Problem Set 7

Assigned: Nov. 13
Due: Nov. 20

Suppose that you have the same random variables as in Problem Set 6.

Random Variables:

M: Did the two individuals ever meet, and what was the outcome?
Three possible values: 1=met and liked; 2=met and disliked; 3=never met.
C: Did the two individuals correspond?
Values: T or F.
R: Did the two publish reviews/criticisms of one another's work?
Values: 1=positive reviews; 2=negative reviews; 3=no reviews.
A: How close were the people in age?
Values: 1=less than 10 years apart; 2=at least 10 years apart.
D: How near one another did the people live?
Values: 1=same country; 2=different countries.

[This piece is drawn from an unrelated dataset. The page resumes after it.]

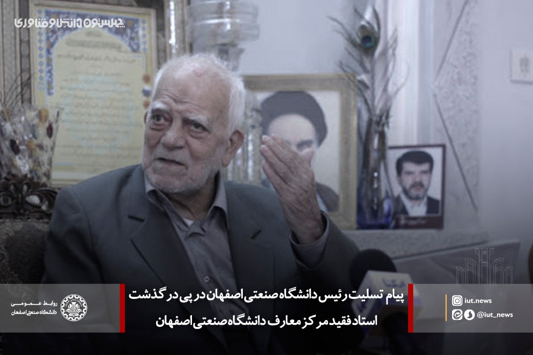 پیام تسلیت رئیس دانشگاه صنعتی اصفهان درپی درگذشت استاد فقید و رئیس اسبق مرکز معارف دانشگاه

Suppose that you are trying to carry out classification learning where M is the classification attribute and the rest are predictive attributes. You are given the following data set:

ID A D C R M Number of instances
1. 1 2 T 1 2 8
2. 1 2 T 1 3 4
3. 1 2 T 3 2 4
4. 1 2 F 2 1 2
5. 1 2 F 3 3 2
6. 2 1 T 1 1 3
7. 2 1 T 1 2 1
8. 2 1 T 1 3 3
9. 2 2 T 1 1 12
10. 2 2 T 2 3 6
11. 2 2 T 3 1 8
12. 2 2 T 3 3 25
13. 2 2 F 1 2 6
14. 2 2 F 1 3 10
15. 2 2 F 2 2 6

Problem 1

What is the classifier returned by the 1R algorithm? How does it classify the instance A=1, D=F, C=F, R=1?

Problem 2

How does the nearest neighbors algorithm classify the instance A=1, D=F, C=F, R=1? Assume that, for a data set like this, where there are many instances equidistant from the test example, the nearest neighbors algorithm works by collecting all the instances that are at minimal distance to the new example and having them vote. Assume also that the distance between two instances is equal to the number of predictive attributes where they vary. Note particularly that the distance between R=3 and R=1 is considered the same as the distance between R=2 and R=1.

Problem 3

How does Naive Bayes classify the instance A=1, D=F, C=F, R=1?